|
DjVu: a Compression Technique and Software Platform for Publishing Scanned Documents, Digital Documents and High-Resolution Images on the Web. |
Despite the growing importance of the Internet, much of the knowledge,
culture, and educational material in existence today is still available
only in paper form. Bringing this wealth of information into the
digital realm in a form that is faithful to the original, easily
accessible, and searchable, is an essential step towards making
the Internet the World's Universal Library.
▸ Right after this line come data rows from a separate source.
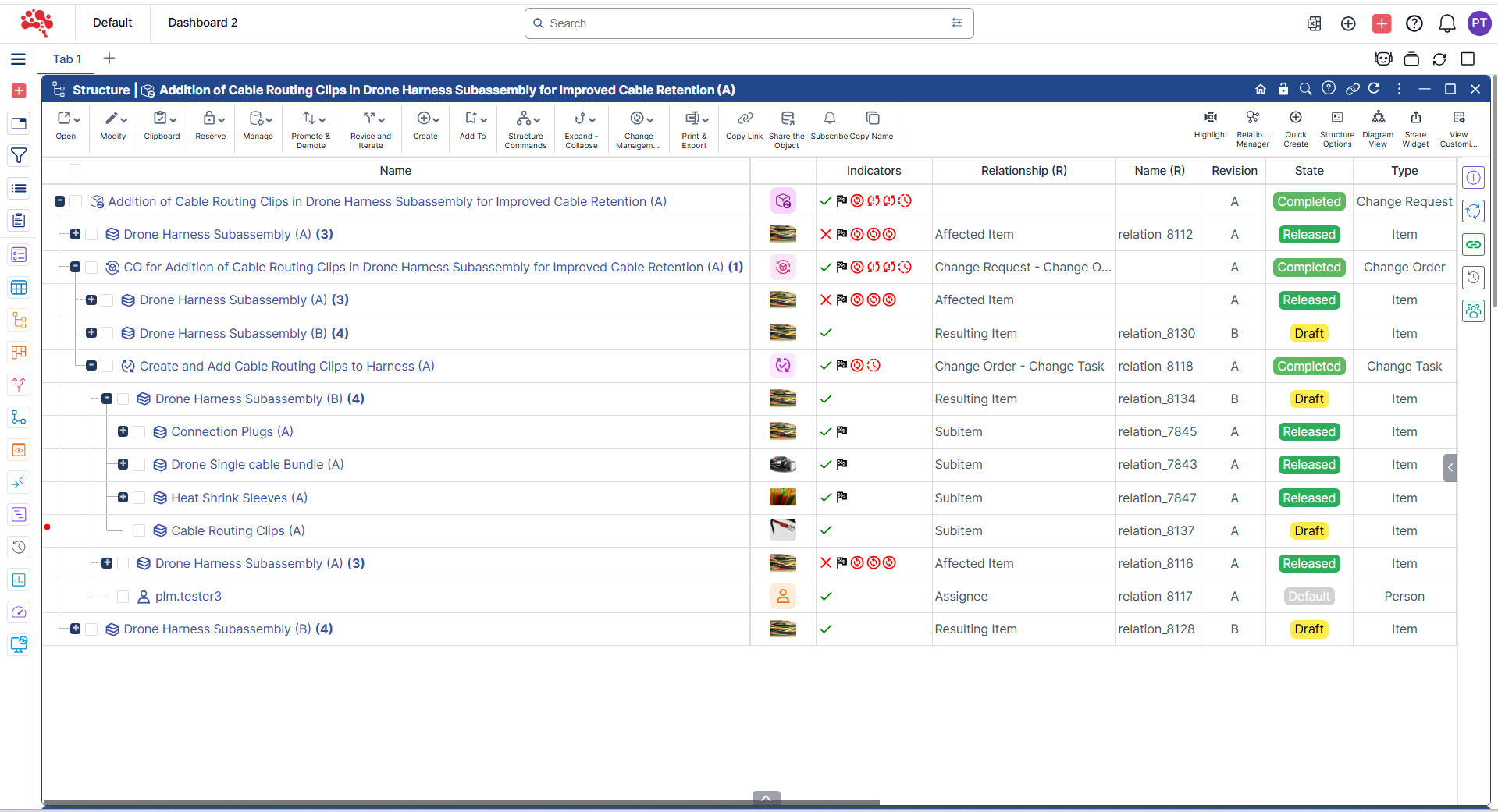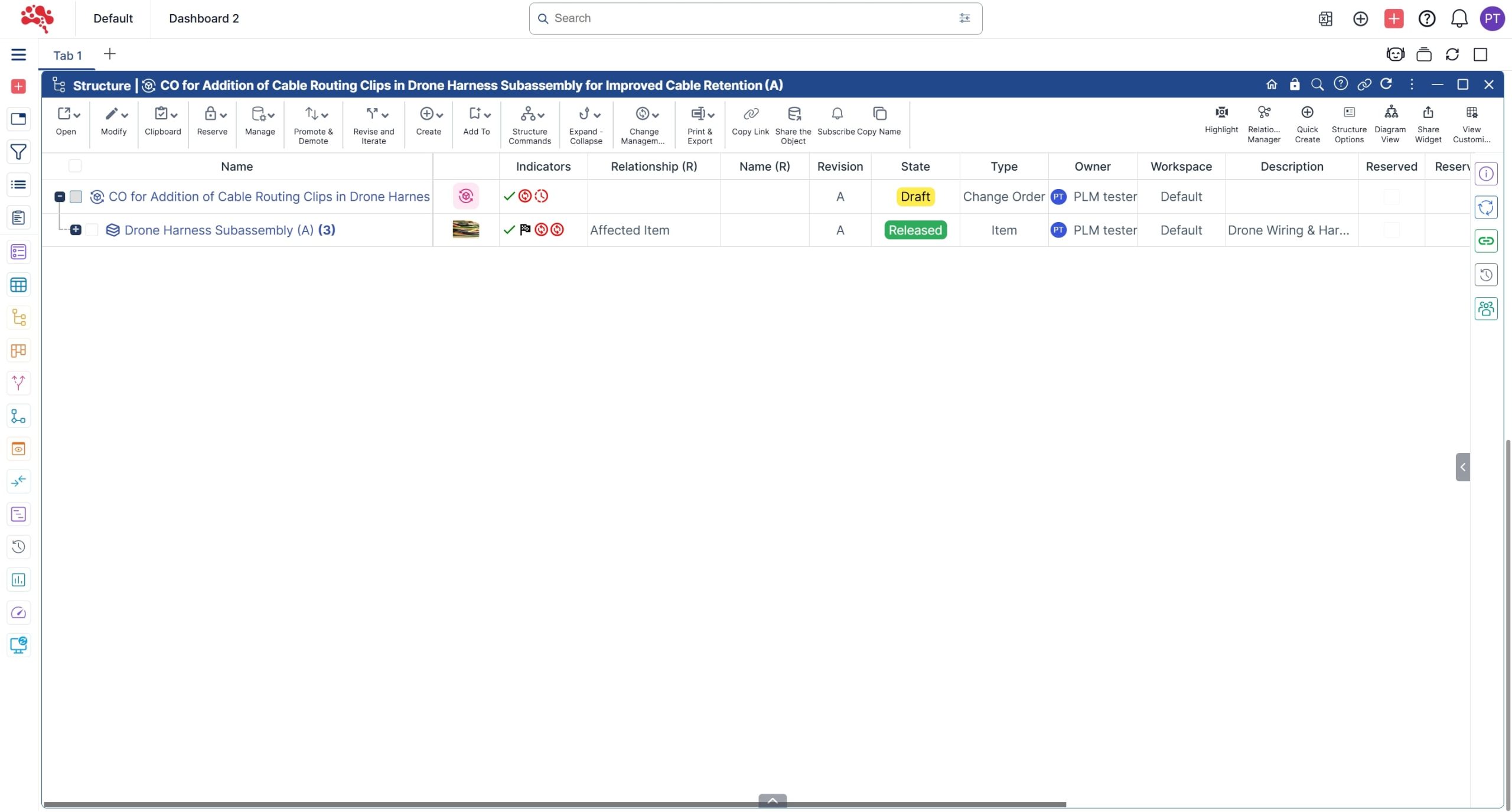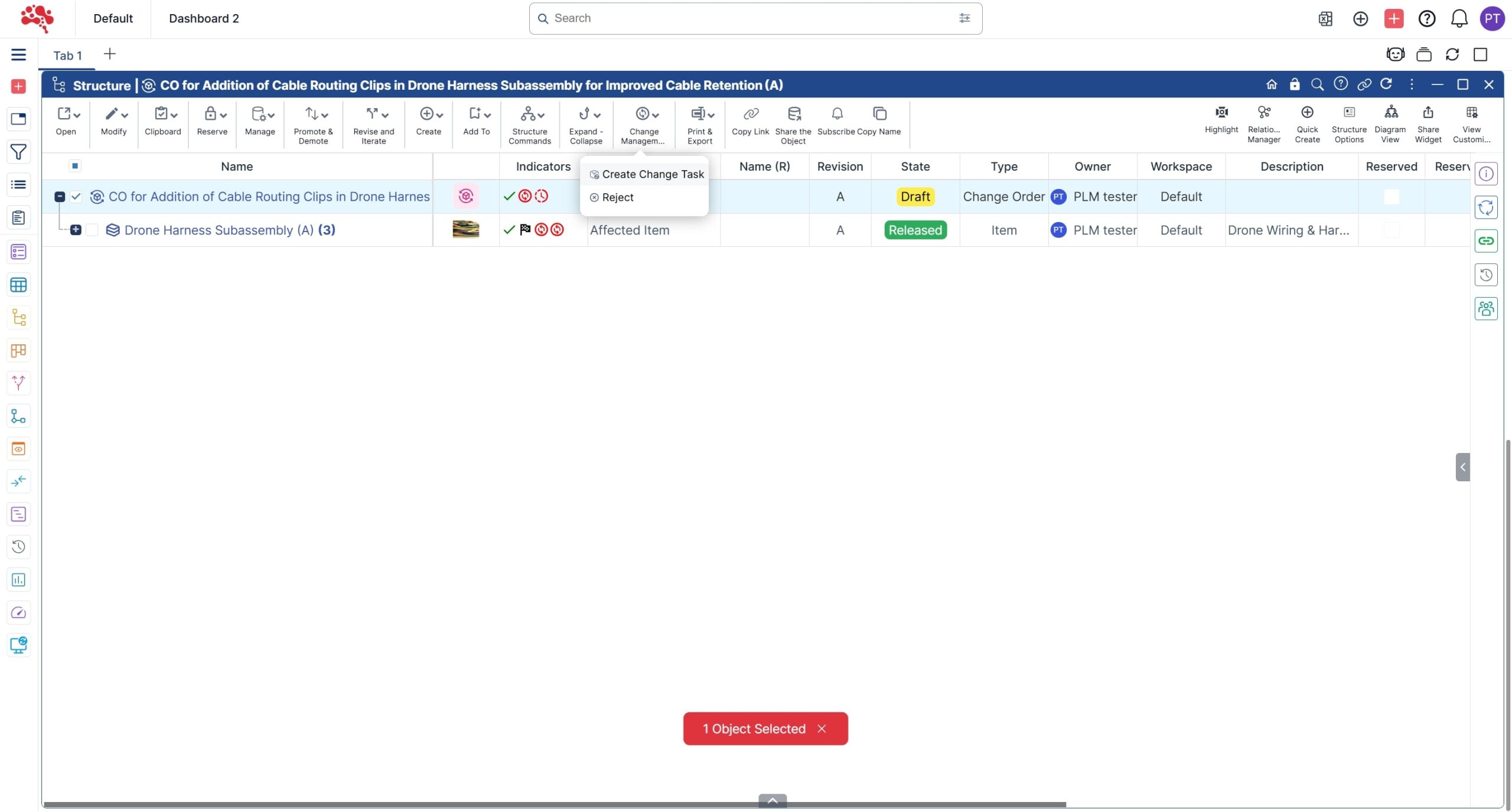 7. The new Change Order is displayed along with the corresponding affected item in the Structure widget.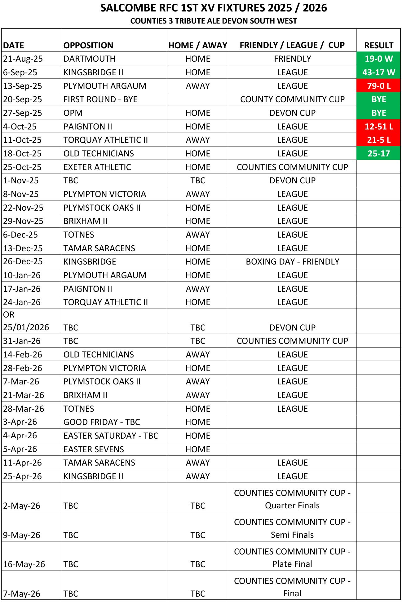 We have added a direct link to the Fixtures, Results, Table and Statistics for the Salcombe Rugby Club below.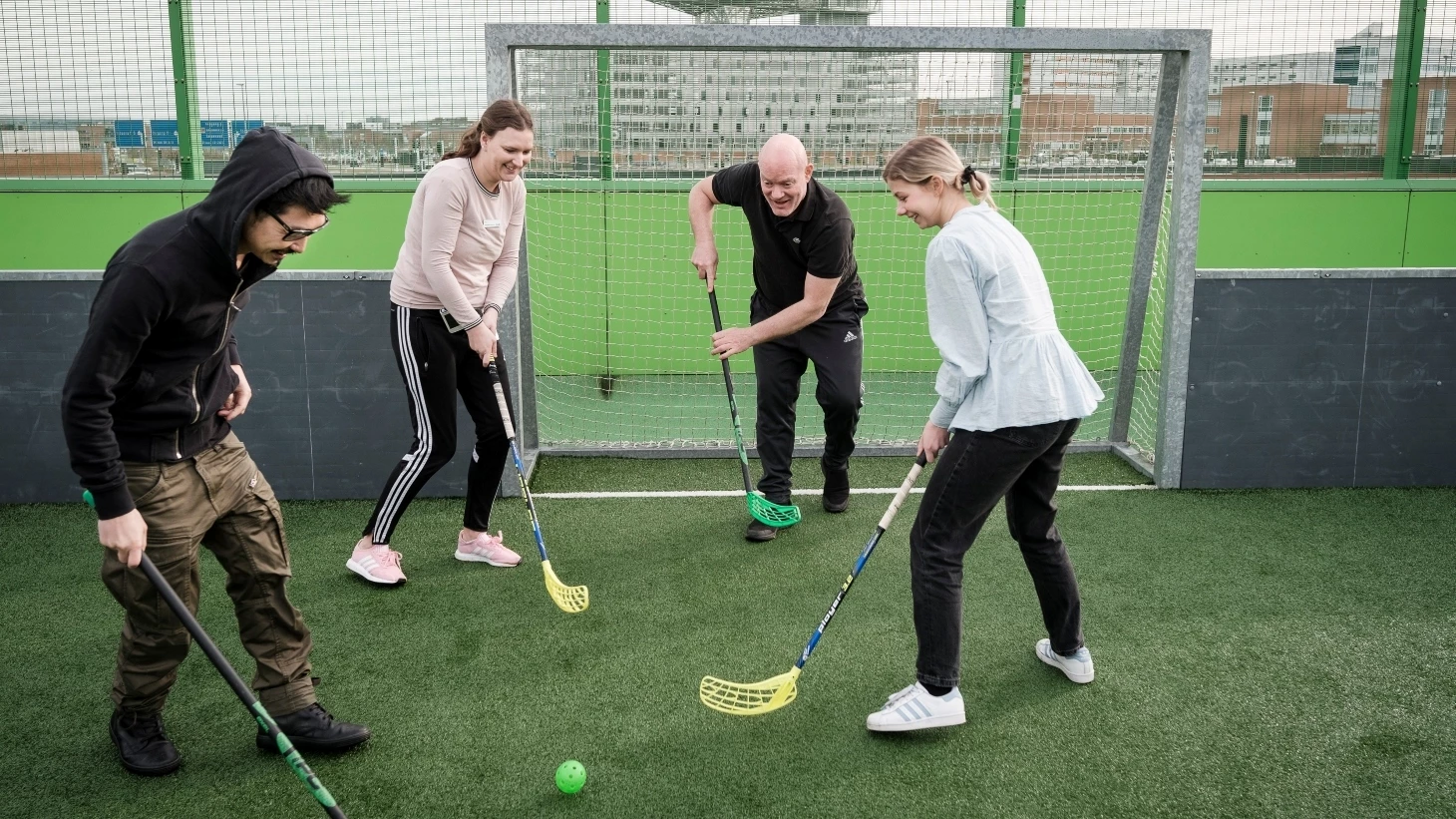 Vi er gode til at have det sjovt og tale sammen på tværs af personale- og patientgruppen, selvom vi er en gruppe af mange forskellige mennesker. Personalegruppen spænder vidt med forskellige fagligheder, baggrunde og tilgange, hvorfor vi er særligt gode til at arbejde tværprofessionelt og sikre et bredt syn på patienten som et helt menneske og med alle dets kvaliteter.

DjVu (pronounced "deja vu") is a compression technique, a file format,
and a delivery platform that is specifically designed to enable the
creation of digital libraries of printed material, either scanned
from paper or digitally produced. For scanned document, DjVu file
sizes are typically 3 to 10 times smaller than TIFF or PDF in
black and white, and 5 to 10 times smaller than JPEG in color.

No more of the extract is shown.